Alice beobachtete Marie und stellte fest, dass sie beim letzten Satz wohl zum Zeichen ihrer Zustimmung leicht nickte.

»Ich habe deshalb entschieden, dies als Zeichen unseres guten Willens, nur diejenigen Länder zu bestrafen, die nicht bedingungslos kapituliert haben. Im Weiteren wird es eine neue Weltordnung geben. Alle Länder stehen von morgen an unter der Führung der zwölf Racheengel des Herrn. Wir werden heute die Länder zuteilen, so dass sie wissen werden, wer für sie zuständig ist. Jeder Aldemakro wird seine Länder in zwölf geografisch gleichwertige Provinzen aufteilen. Die Aldemakros werden entscheiden, wer jeweils in der Provinz die Verantwortung trägt. Sie werden bedingungslosen Gehorsam verlangen. Wenn der Veränderungsprozess abgeschlossen ist, wird der König der Könige zu uns stossen, und gemeinsam werden wir das neue Himmelreich Gottes errichten. Aber diejenigen von euch, die sich gegen uns auflehnen, werden wir mit aller Härte bestrafen«, schloss Gabriel seine kurze Ansprache.

Dann sah man wiederum Bilder, die aus dem Weltraum zu kommen schienen. Sie zeigten die Länder, die nicht kapituliert hatten.

Dann ging es sehr schnell. Man konnte eine Art kosmischen Strahl erkennen, der sich in mehrere Teile aufspaltete. Diese schossen wie riesige Blitze auf die rot eingezeichneten Länder herab und schlugen mit verheerender Wirkung ein.
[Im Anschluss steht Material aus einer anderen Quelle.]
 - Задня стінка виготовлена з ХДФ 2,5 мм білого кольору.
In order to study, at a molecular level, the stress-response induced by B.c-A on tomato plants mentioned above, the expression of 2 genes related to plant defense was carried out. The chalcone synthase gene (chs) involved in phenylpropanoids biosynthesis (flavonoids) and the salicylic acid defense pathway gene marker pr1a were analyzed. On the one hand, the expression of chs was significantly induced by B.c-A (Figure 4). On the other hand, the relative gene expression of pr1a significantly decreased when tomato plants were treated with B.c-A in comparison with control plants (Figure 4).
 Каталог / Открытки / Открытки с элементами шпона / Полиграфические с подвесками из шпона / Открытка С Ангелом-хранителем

Dann sah man, wie in konzentrischen Kreisen, wie wenn ein Stein ins Wasser geworfen wird und es entsprechende gegen aussen laufende kreisförmige Ringe gibt, alles, was dort vorhanden war, sich in nichts auflöste. Die einzelnen Länder wurden allesamt in ihre einzelnen Atome zerlegt. Dass es dort jemals Häuser, Strassen mit Autos, Menschen und Anzeichen von Zivilisation gab, war nicht mehr zu erkennen.
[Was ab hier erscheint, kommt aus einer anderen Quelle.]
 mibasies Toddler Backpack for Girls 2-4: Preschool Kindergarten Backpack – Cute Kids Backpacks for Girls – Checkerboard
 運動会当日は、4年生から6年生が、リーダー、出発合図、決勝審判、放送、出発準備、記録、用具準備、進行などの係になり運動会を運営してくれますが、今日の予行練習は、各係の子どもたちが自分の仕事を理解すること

Danach hörte man Gabriels Stimme sagen:

»Möge unser Herr ihren Seelen gnädig sein.«

Nicht nur Millionen von Menschen, Alice und Marie sahen die Zerstörung der elf Länder, sondern auch Lavoisier musste sich in seinem Verlies diese Szenen anschauen. Die Brutalität, mit der die Aldemakros vorgingen, erstaunte ihn nicht, denn er hatte in den Erinnerungen von Gabriel erkennen können, wozu die Aldemakros fähig waren. Aber etwas anderes erstaunte und verwirrte ihn zugleich.

»Warum war es mir möglich, Erinnerungen von Gabriel zu sehen? Wollte er, dass ich sie sehe? Stellte er mich auf die Probe, um herauszufinden, was ich erkennen kann? Oder war Gabriel selber überrascht, dass ich das überhaupt konnte? Und warum konnte er meine Gedanken nicht lesen?«, fragte sich Lavoisier.

Und nun nahm bei ihm ein bestimmter Gedanke konkretere Gestalt an.

»Aber wäre das überhaupt möglich?« fragte auch er sich abschliessend.